4.3.1 Nocebo in Migraine RCTs
Reuter and colleagues [47] first investigated nocebo in randomized placebo-controlled trials (RCTs) and found that up to one third of migraineurs treated with placebo experience AEs. In trials for symptomatic migraine treatment that tested the therapeutic efficacy of triptans, 21.9 % of control patients reported at least one AE although treated with placebo. Symptoms were grouped into three categories: migraine-related (symptoms such as nausea, photophobia, and phonophobia), drug-related (symptoms typical of the experimental compound such as chest pressure in response to triptans), and nonspecific or coincidental (symptoms such as sleep disturbance). Thus, symptoms in the placebo group were related to the drug under study and to the symptomatology of migraine, whereas some others had no obvious relation to the condition or treatment [47]. In another review aimed at estimating the placebo response in migraineurs treated with oral triptans, it was found that 23.40–14.05 % of participants treated with placebo reported AEs.

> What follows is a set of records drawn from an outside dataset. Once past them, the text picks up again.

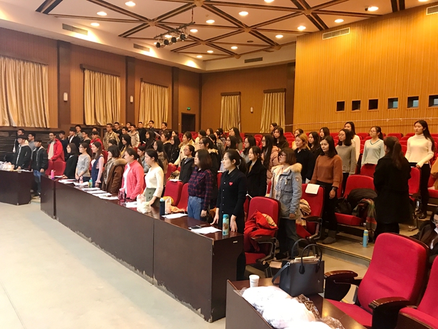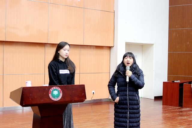 2017年12月9日早8点,良乡校区合唱队成员信心满满的从良乡出发,与中关村校区的合唱成员于模拟法庭集合,开始最后的征途。9:00,合唱队在模拟法庭进行了声音调整性练习;12:00,队员们进行了化妆及服装准备;16:30,合唱队按计划前往体育馆彩排;18:00,在进行了最后一次练习后,所有队员气势高昂的进入体育馆指定地点候场准备。上场前,张爱秀来到队伍中,为同学们加油助威。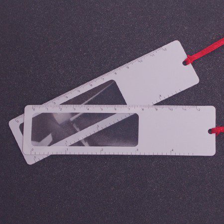 책갈피로도 활용 가능한 12cm 길이의 자와 돋보기 기능이 결합된 제품으로, 독서 중 페이지에 끼워 사용하기 좋습니다.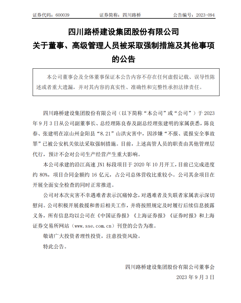 四川路桥9月3日公告,公司于2023年9月3日从公司副董事长、总经理陈良春及副总经理张建明的家属获悉,陈良春、张建明在凉山州金阳县“8.21”山洪灾害中,因涉嫌“不报、谎报安全事故罪”已被公安机关依法采取强制措施。目前,上述高管人员的职责由其他管理层代行,预计不会对公司生产经营产生重大影响。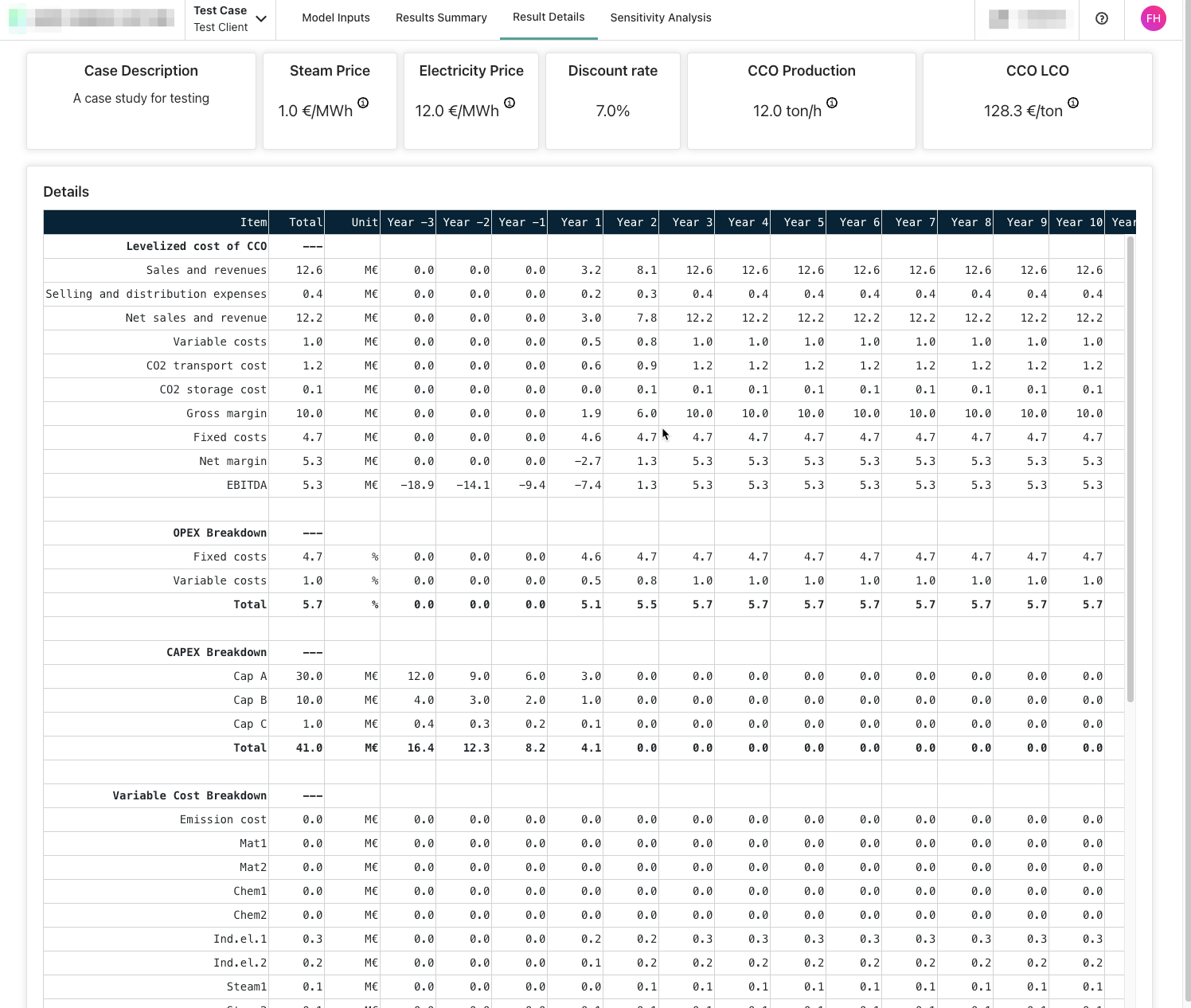The input workflow was the most complex UI work. Scenario definitions included dozens of parameters across multiple categories (timelines, ramp-up profiles, consumables/utilities, labor, transport/storage, and detailed capital and operating cost line items). I implemented dynamic Django forms with inline formsets for variable-length structures, strong validation, and a draft/error workflow: if a calculation fails, the scenario is saved as a draft with an actionable error message so the user can correct inputs and retry safely.

Fascinatingly, studies performed in North America showed a higher nocebo frequency than those conducted in Europe [12]. Amanzion and colleagues [37] published an extensive systematic review of nocebo in clinical trials for migraine. This was the first attempt to intensely investigate migraine-related nocebo effects. They investigated the AEs after placebo in RCTs testing NSAIDs, triptans, or anticonvulsants. Their major finding was that nocebo AEs mirrored the AEs expected of the active medication studied precisely. For example, anorexia and memory difficulties, which are typical AEs of anticonvulsants, were present only in the placebo arm of these trials. In other words, nocebo in migraine trials arose from patients’ distrust [37]. However, this important meta-analysis aimed to investigate mechanisms of nocebo in particular, rather than to investigate the magnitude of nocebo in RCTs for migraine. Migraine most likely was used as a vehicle pain condition in this study. For instance, the investigators searched RCTs for migraine trials, both symptomatic and preventive, only if specific anti-migraine agents were tested. Undoubtedly, the results of this meta-analysis confirmed their findings derived from experimental human studies that expectations modulate both nocebo and placebo (the expectation theory of placebo and nocebo) [37].
In another more recent meta-analysis of RCTs for all primary headache disorders, 56 RCTs published in the last decade were analyzed to estimate the frequency of patients treated with placebo who experience any AE (nocebo AE ratio) or discontinued treatment due to AE (nocebo dropout ratio) [36]. In this meta-analysis, all RCTs using any compound, either for acute or for chronic treatment, were included. The aim was to estimate the magnitude of nocebo in headaches in the most clinically relevant manner for both the clinicians and trial designers. In symptomatic treatments (STs) nocebo dropout ratio was limited (0.33 %), but in chronic preventive treatments was increased up to 5 %, showing that 1 out of 20 patients treated for migraine prophylaxis discontinues treatment due to nocebo AEs. Practitioners should be aware of this fundamental nocebo effect, trial designers as well [48].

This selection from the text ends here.